* **WHAT IS NEEDED**
Each record is to be printed again exactly, though not its pictures.

(Extracted data entries)

####

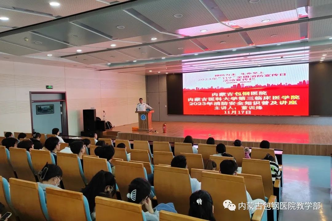 為了進(jìn)一步強(qiáng)化消防安全管理,普及消防安全知識(shí),全面貫徹落實(shí)全國第32個(gè)消防宣傳月“預(yù)防為主,生命至上”的主題,內(nèi)蒙古包鋼醫(yī)院教學(xué)部于2023年11月17日下午在門診九樓多功能會(huì)議室,組織召開“關(guān)注消防安全,共筑平安校園”消防安全培訓(xùn)會(huì)。培訓(xùn)會(huì)由教學(xué)部副部長、學(xué)生工作科劉彤主任主持,委托醫(yī)院保衛(wèi)部聘請包頭市安全健康教育中心董訓(xùn)烽教官開展消防安全培訓(xùn)。我院本科生、研究生、住培生和教職工參加。本次培訓(xùn)旨在筑建廣大師生消防安全“防火墻”。
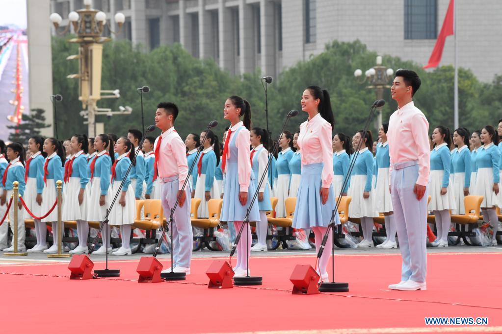 Representatives of the Chinese Communist Youth League members and Young Pioneers salute the Communist Party of China (CPC) and express commitment to the Party's cause at a ceremony marking the CPC centenary at Tian'anmen Square in Beijing, capital of China, July 1, 2021. (Xinhua/Zhai Jianlan)
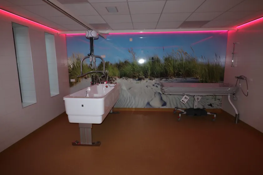 A bath is not only relaxing for the body but also for the mind. It improves patient well-being, promotes skin health, and provides a calming effect.
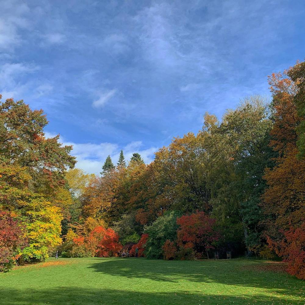 Pero el otoño llega triunfalmente y con sonido de trompetas. A lo largo de los meses de otoño, los cambios de color de las hojas encienden los senderos del bosque con un efecto dramático. La segunda quincena de octubre suele ser el momento álgido gracias a los arboles de hoja caduca que inundan encienden los caminos, entre los que destaca un ejemplar de abedul transcaucásico (Betula medwediewii) de 9 m de altura y un tronco de 0,4 m, con tallos múltiples y un llamativo color otoñal. Es uno de los 51 «árboles campeones», pero, campeones o no, hay más, ya lo creo que sí.
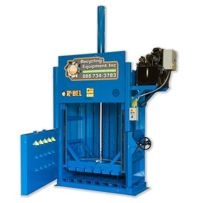 Introducing the most innovative and versatile vertical balers in the industry: The REI REBEL Series Vertical Balers. REI Vertical Balers are engineered with heavy steel throughout and fixture welded components. All REI Vertical Balers produce high-density bales of a wide variety of materials in a single baler.
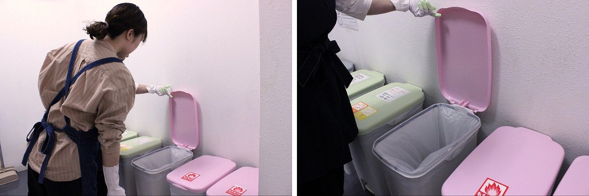 キッチン用はブルー、トイレ用はピンク、その他はイエローと、など、色分けすることでうっかり間違い防止と、入居者さんに衛生面を配慮していることを安心してもらうために工夫しています。
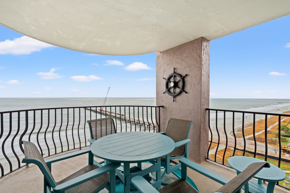 寬敞的陽臺和壯觀的海景讓這間時尚的公寓脫穎而出!從這個空間的幾乎每個房間都可以看到海灘,您可以使用外面的泳池和可愛的海灘咖啡廳。 這是享受餐廳、在海灘上漫步或什麼都不做的最佳位置!當您不在外享受陽光或默特爾海灘(Myrtle Beach)所提供的一切時,您會發現公寓本身是舒適、裝潢精美和超級舒適的。
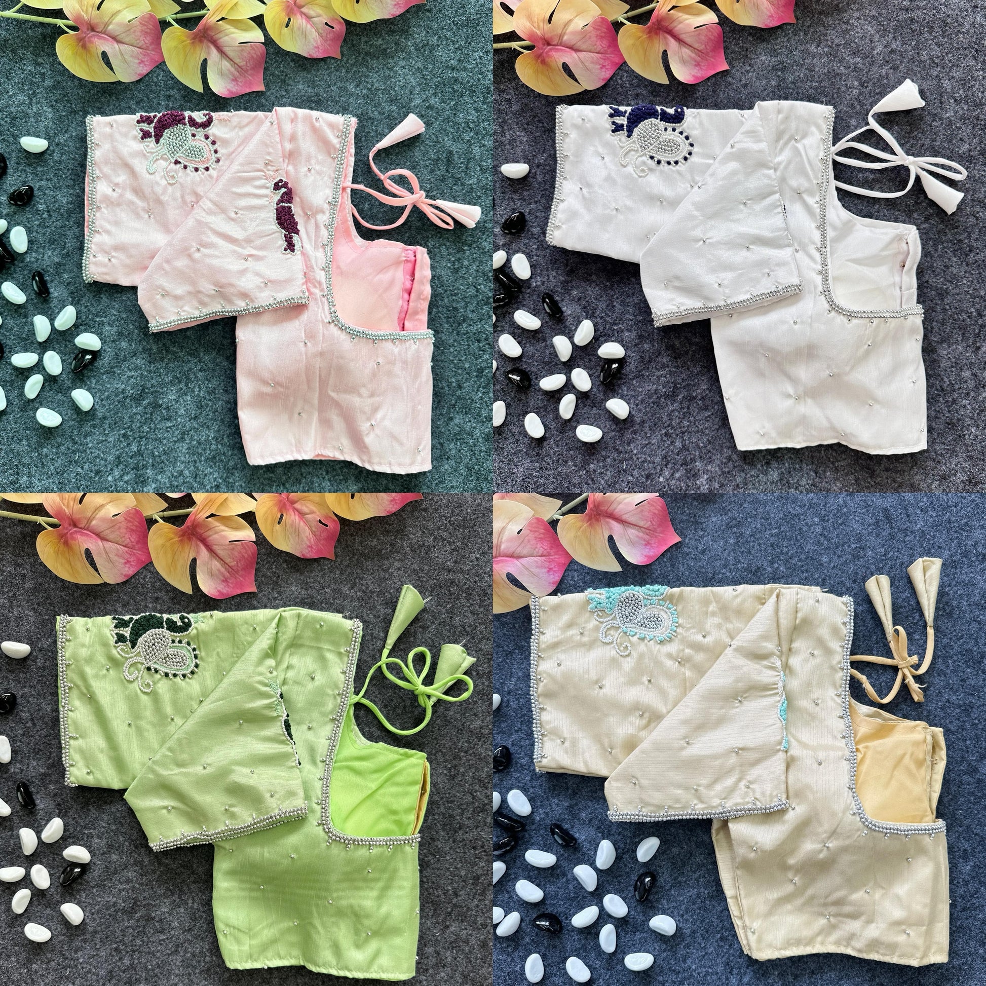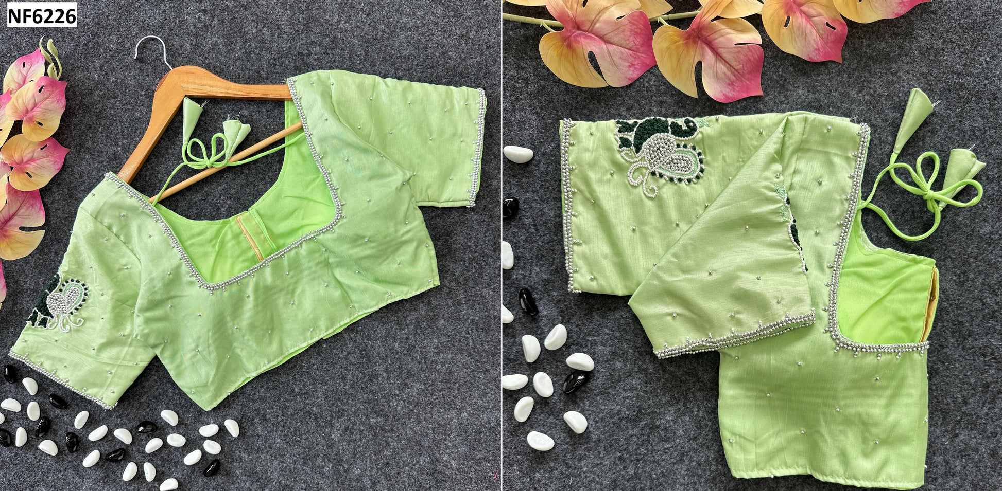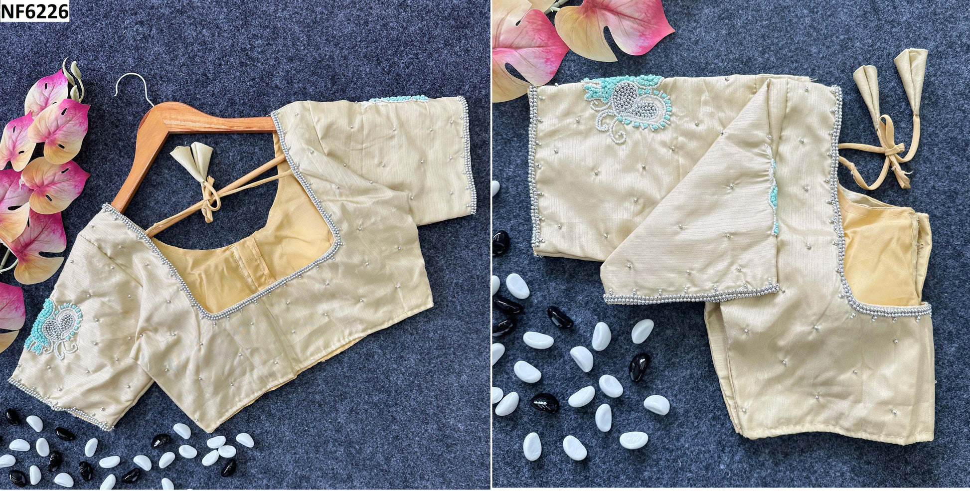 - Fabric Detail: Lemon Silk Beautiful Handwork With Knot Work Attached Pad Fancy Blouse, Length : 15 Apx, Sleeves : 10 Apx, , , Size : 38 Up To 42 Apx
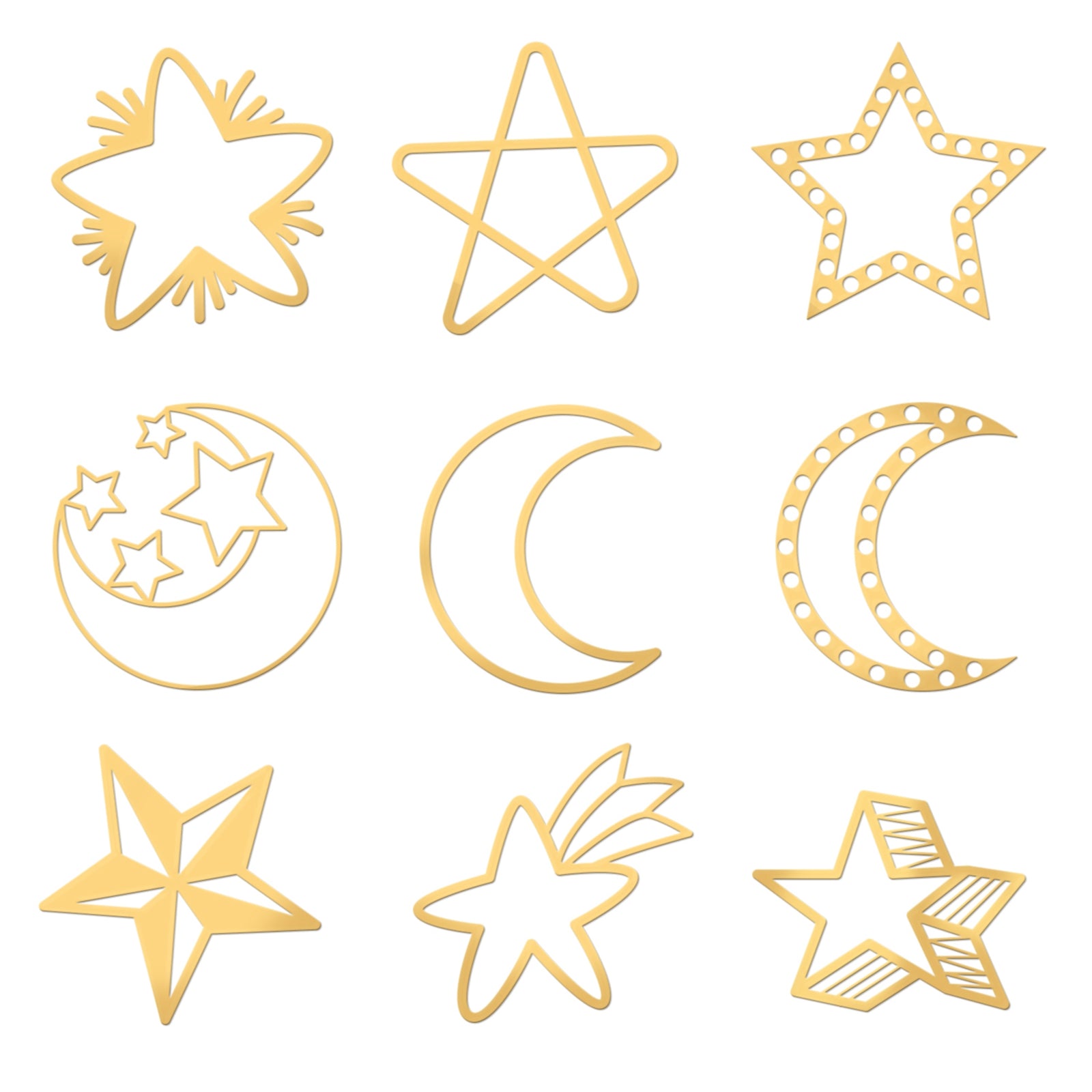 9Pcs 9 Styles Custom Carbon Steel Self-adhesive Picture Stickers, Star Pattern, 40x40mm, 1pc/style.

####

* **SOLUTION BELOW**
 為了進(jìn)一步強(qiáng)化消防安全管理,普及消防安全知識(shí),全面貫徹落實(shí)全國第32個(gè)消防宣傳月“預(yù)防為主,生命至上”的主題,內(nèi)蒙古包鋼醫(yī)院教學(xué)部于2023年11月17日下午在門診九樓多功能會(huì)議室,組織召開“關(guān)注消防安全,共筑平安校園”消防安全培訓(xùn)會(huì)。培訓(xùn)會(huì)由教學(xué)部副部長、學(xué)生工作科劉彤主任主持,委托醫(yī)院保衛(wèi)部聘請包頭市安全健康教育中心董訓(xùn)烽教官開展消防安全培訓(xùn)。我院本科生、研究生、住培生和教職工參加。本次培訓(xùn)旨在筑建廣大師生消防安全“防火墻”。
 Representatives of the Chinese Communist Youth League members and Young Pioneers salute the Communist Party of China (CPC) and express commitment to the Party's cause at a ceremony marking the CPC centenary at Tian'anmen Square in Beijing, capital of China, July 1, 2021. (Xinhua/Zhai Jianlan)
 A bath is not only relaxing for the body but also for the mind. It improves patient well-being, promotes skin health, and provides a calming effect.
 Pero el otoño llega triunfalmente y con sonido de trompetas. A lo largo de los meses de otoño, los cambios de color de las hojas encienden los senderos del bosque con un efecto dramático. La segunda quincena de octubre suele ser el momento álgido gracias a los arboles de hoja caduca que inundan encienden los caminos, entre los que destaca un ejemplar de abedul transcaucásico (Betula medwediewii) de 9 m de altura y un tronco de 0,4 m, con tallos múltiples y un llamativo color otoñal. Es uno de los 51 «árboles campeones», pero, campeones o no, hay más, ya lo creo que sí.
 Introducing the most innovative and versatile vertical balers in the industry: The REI REBEL Series Vertical Balers. REI Vertical Balers are engineered with heavy steel throughout and fixture welded components. All REI Vertical Balers produce high-density bales of a wide variety of materials in a single baler.
 キッチン用はブルー、トイレ用はピンク、その他はイエローと、など、色分けすることでうっかり間違い防止と、入居者さんに衛生面を配慮していることを安心してもらうために工夫しています。
 寬敞的陽臺和壯觀的海景讓這間時尚的公寓脫穎而出!從這個空間的幾乎每個房間都可以看到海灘,您可以使用外面的泳池和可愛的海灘咖啡廳。 這是享受餐廳、在海灘上漫步或什麼都不做的最佳位置!當您不在外享受陽光或默特爾海灘(Myrtle Beach)所提供的一切時,您會發現公寓本身是舒適、裝潢精美和超級舒適的。
 - Fabric Detail: Lemon Silk Beautiful Handwork With Knot Work Attached Pad Fancy Blouse, Length : 15 Apx, Sleeves : 10 Apx, , , Size : 38 Up To 42 Apx
 9Pcs 9 Styles Custom Carbon Steel Self-adhesive Picture Stickers, Star Pattern, 40x40mm, 1pc/style.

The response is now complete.